Prefer simple methods

screenshot

Long methods vs simple ones. What’s the problem?

Long methods’ issues:

  • usually does too much and “knows” too much
  • as a consequence, it breaks the Single Responsibility Principle
  • it is harder to grasp what it does when you read it
  • more changes needed to add or amend functionality
  • you have to write pretty complex tests
  • and you need a lot of them to cover all of the possible permutations

Benefits of simple methods:

  • does one thing
  • as a consequence, it follows the Single Responsibility Principle
  • it is easy to grasp what it does from the first glance
  • a small number of changes, usually by adding another simple method
  • short and simple tests
  • that covers all the cases

Let’s take a look at a (totally made-up) example:

class Item < ApplicationRecord
  DEFAULT_AGGR_LAT = 0.5
  DEFAULT_AGGR_LONG = 0.5

  def synchronize_with(incoming_data_item)
    # update simple attributes
    self.attr_short_name = incoming_data_item.attr_short_name
    self.attr_fancy_name = incoming_data_item.attr_fancy_name
    self.attr_just_usual_name = incoming_data_item.attr_just_usual_name

    # update complex attributes
    self.coordinates = [incoming_data_item.lat, incoming_data_item.long]
    self.complex_attr1 = {a: incoming_data_item.simple1, b: incoming_data_item.simple2, c: incoming_data_item.simple3}

    # calculate aggregated values
    aggregated_latitude =
      if incoming_data_item.lat > 123
        (incoming_data_item.lat + 0.123) / 3
      elsif incoming_data_item.lat < 0.23
        (incoming_data_item.lat + 24) * 1.5
      else
        DEFAULT_AGGR_LAT
      end

    aggregated_longitude =
      if incoming_data_item.long > 4
        (incoming_data_item.long - 0.25) * 2.3
      elsif incoming_data_item.long < -3
        incoming_data_item.long.abs / 1.1
      else
        DEFAULT_AGGR_LONG
      end

    # update aggregated attributes
    self.aggregated_coordinates = [aggregated_latitude, aggregated_longitude]
    self.coordinates_text = "lat: #{aggregated_latitude}, long: #{aggregated_longitude}"

    save!
  end
end

We are lucky if the author has added those explaining comments. At least we have something to begin our understanding with.

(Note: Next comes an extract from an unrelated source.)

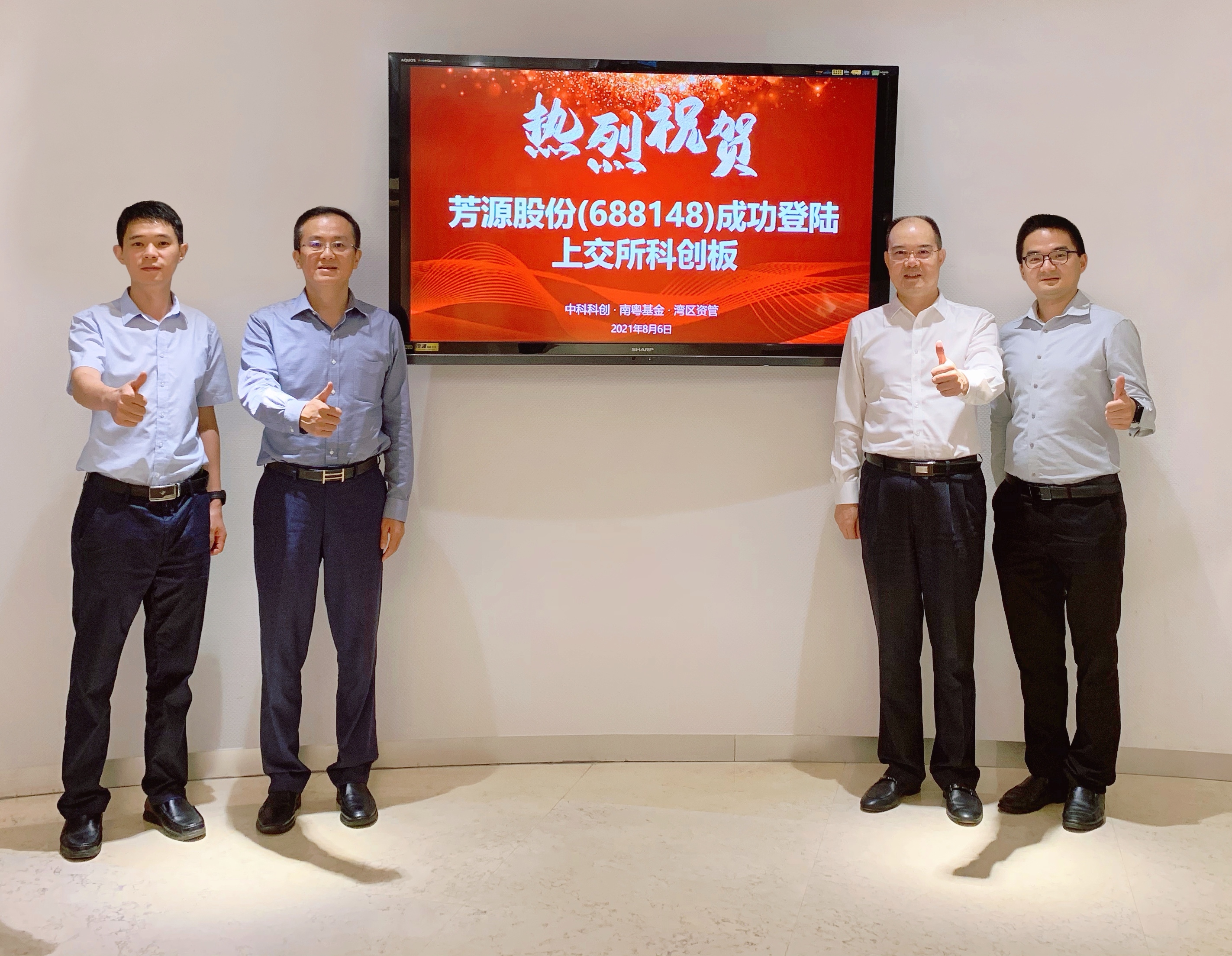曾金賢總裁(右二)與中科科創(chuàng)總經(jīng)理謝勇(左二)為芳源股份點(diǎn)贊祝賀

Now, try to imagine how many tests you would need to cover all the possible edge cases, nil values, etc., and their permutations.

Most likely this method would have only one - success path - test. It would be long and require explaining comments in it.

Maybe there will be one or two additional tests that were added later, when some bug has been caught in the production.

Those are usually called “anti-regression” tests.

So how we should fix this long method?

I would use the explaining comments as hints for the new methods. Looking at our example, the resulting method should look something like this:

class Item < ApplicationRecord
  # ...
  def synchronize_with(incoming_data_item)
    @incoming_data_item = incoming_data_item
    #
    update_simple_attributes
    update_complex_attributes
    calculate_aggregated_values
    update_aggregated_attributes
    #
    save!
  end
  # ...
end

As a consequence:

  • you don’t need the explaining comments
  • the code itself “reads” as documentation now
  • you can write simple tests for each of those simpler methods
  • the test for the synchronize_with method now is dead simple

“But how do you hand over the intermediate state between the methods?” you would ask.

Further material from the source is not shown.